A Minnesota man was released from jail this week after spending close to three months in custody for possession of vitamins.
The man, 31-year-old Joseph Burrell, was arrested last November after police claimed that a vitamin powder found in his vehicle was actually illegal amphetamines.
Charged with two counts of felony drug possession, Burrell was incarcerated on $250,000 bail while the substance awaited final testing at the state crime lab.
“I told the judge I couldn’t plead guilty to something I knew wasn’t a drug,” Burrell told the Mankato Free Press. “They set my bail at $250,000 for vitamins.”

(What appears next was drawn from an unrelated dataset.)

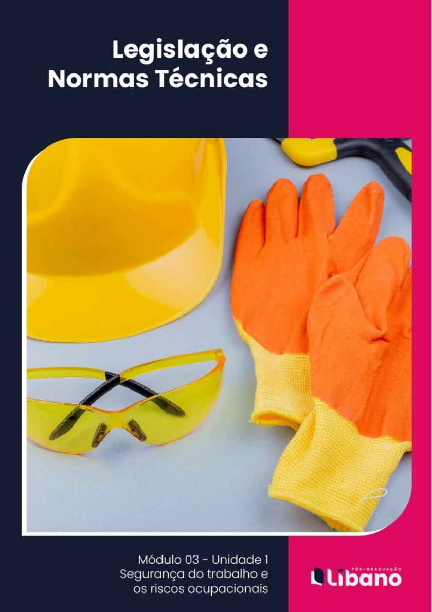 Diretor Executivo DAVID LIRA STEPHEN BARROS Gerente Editorial CRISTIANE SILVEIRA CESAR DE OLIVEIRA Projeto Gráfico TIAGO DA ROCHA Autoria ANDRÉA CÉSAR PEDROSA AUTORIA Andréa César Pedrosa Sou graduada em Administração, especialista em Educação a Distância e mestranda em Pedagogia do e-Learning, mas minha história profissional começou bem antes da formação superior, a partir da graduação técnica em Segurança do Trabalho e Meio Ambiente, pela antiga Escola Técnica Federal do estado de Pernambuco (hoje IFPE). Durante 17 anos exerci com muita paixão a profissão, contribuindo da melhor forma para assegurar a integridade física, qualidade de vida e meio ambiente nos ambientes de trabalho por onde passei. É uma linda profissão, cuja missão transcende a função de Técnico em Segurança, pois todos precisam vestir a camisa da Segurança, da Saúde, do Meio Ambiente e da Responsabilidade Social. Sou apaixonada pelo que faço e adoro transmitir minha experiência de vida àqueles que estão iniciando em suas profissões. Por isso fui convidada pela Editora Telesapiens a integrar seu elenco de autores independentes. Estou muito feliz em poder ajudar você nesta fase de muito estudo e trabalho. Conte comigo! ICONOGRÁFICOS Olá. Esses ícones irão aparecer em sua trilha de aprendizagem toda vez que: OBJETIVO: para o início do desenvolvimento de uma nova compe- tência; NOTA: quando forem necessários obser- vações ou comple- mentações para o seu conhecimento; EXPLICANDO MELHOR: algo precisa ser melhor explicado ou detalhado; SAIBA MAIS: textos, referências bibliográficas e links para aprofundamen- to do seu conheci- mento; ACESSE: se for preciso aces- sar um ou mais sites para fazer download, assistir vídeos, ler textos, ouvir podcast; ATIVIDADES: quando alguma atividade de au- toaprendizagem for aplicada; DEFINIÇÃO: houver necessidade de se apresentar um novo conceito; IMPORTANTE: as observações escritas tiveram que ser priorizadas para você; VOCÊ SABIA? curiosidades e indagações lúdicas sobre o tema em estudo, se forem necessárias; REFLITA: se houver a neces- sidade de chamar a atenção sobre algo a ser refletido ou dis- cutido sobre; RESUMINDO: quando for preciso se fazer um resumo acumulativo das últi- mas abordagens; TESTANDO: quando o desen- volvimento de uma competência for concluído e questões forem explicadas; SUMÁRIO Segurança do trabalho e normas regulamentadoras ........... 12 A importância da legislação trabalhista ............................................................ 12 A segurança do trabalho no Brasil .................................................. 15 As Normas regulamentadoras | NRs ................................................................... 17 Riscos ocupacionais ................................................... 24 Risco versus perigo .......................................................................................... 24 Riscos ocupacionais ........................................................................................ 26 Medidas de proteção ...................................................................................... 27 Equipamentos de proteção individual .......................................................... 27 Equipamentos de proteção coletiva ............................................................. 29 Prevenção de acidentes no trabalho .............................. 30 Conceitos de acidente de trabalho .............................................................. 30 Conceito legal ........................................................................................................ 31 Conceito prevencionista ...................................................................................... 33 Causas dos acidentes ...................................................................................... 34 CAT – Comunicação de acidente de trabalho ............................................. 34 Prevenção de acidentes ................................................................................. 36 Aspecto legal .................................................................... 37 Aspecto institucional .............................................................. 37 Aspecto educativo ........................................................................................... 37 CIPA – Comissão interna de prevenção de acidentes ...........39 Histórico ...........................................................................................................39 NR - 05 ........................................................................................................ 41 Objetivo da CIPA .............................................................................................41 Formação da CIPA ...........................................................................................41 Responsabilidades ...........................................................................................43 Atribuições da CIPA .........................................................................................44 01 Segurança, Meio Ambiente, Saúde e Responsabilidade Social 9 UNIDADE 10 Segurança, Meio Ambiente, Saúde e Responsabilidade Social INTRODUÇÃO Diariamente nós nos expomos a vários riscos e no ambiente de trabalho não é diferente. Cada atividade produtiva apresenta riscos específicos que devemos conhecer e deles nos proteger, evitando acidentes de trabalho. Nesta unidade iremos conhecer a história da Segurança do Trabalho, identificar os riscos ocupacionais que podem estar presentes no ambiente de trabalho e nos tornar capazes, também, de atuar de forma preventiva em conformidade com as normas de segurança. Lembre-se sempre que o compromisso com a segurança não é exclusividade do Setor de Segurança. Todos devem vestir a camisa da prevenção, fazendo a sua parte para que o ambiente de trabalho seja saudável. Vamos

After spending weeks behind bars, Burrell was quietly released only days before his trial. Man Released after Months in Jail for Possession of Vitamins
“I had been sitting in the jail since November with my bail set at $250,000,” Burrell said. “Then, two days before trial, they dropped the charges and let me go.”
Lab analysis corroborated Burrell’s claims after the powder did in fact turn out to be mere vitamins, not speed, as officers had claimed.
Even more concerning, Burrell stated that police waited more than a month to send the evidence to the crime lab after his arrest.
Similarly, the crime lab also waited one month after testing the substance to return it back to prosecutors.
As deplorable as Burrell’s situation is, many have not fared as favorably.
A multi-year investigation into the Federal Bureau of Investigation’s crime lab by the Department of Justice uncovered rampant tampering of evidence.
Frederic Whitehurst, former supervisory special agent in the FBI crime lab for more than a decade, joined the Alex Jones show in 2010 to discuss the FBI’s long history of fabricating and altering evidence. Whitehurt blew the whistle in the 1990s and forced the agency to adopt new guidelines in order to ensure greater oversight.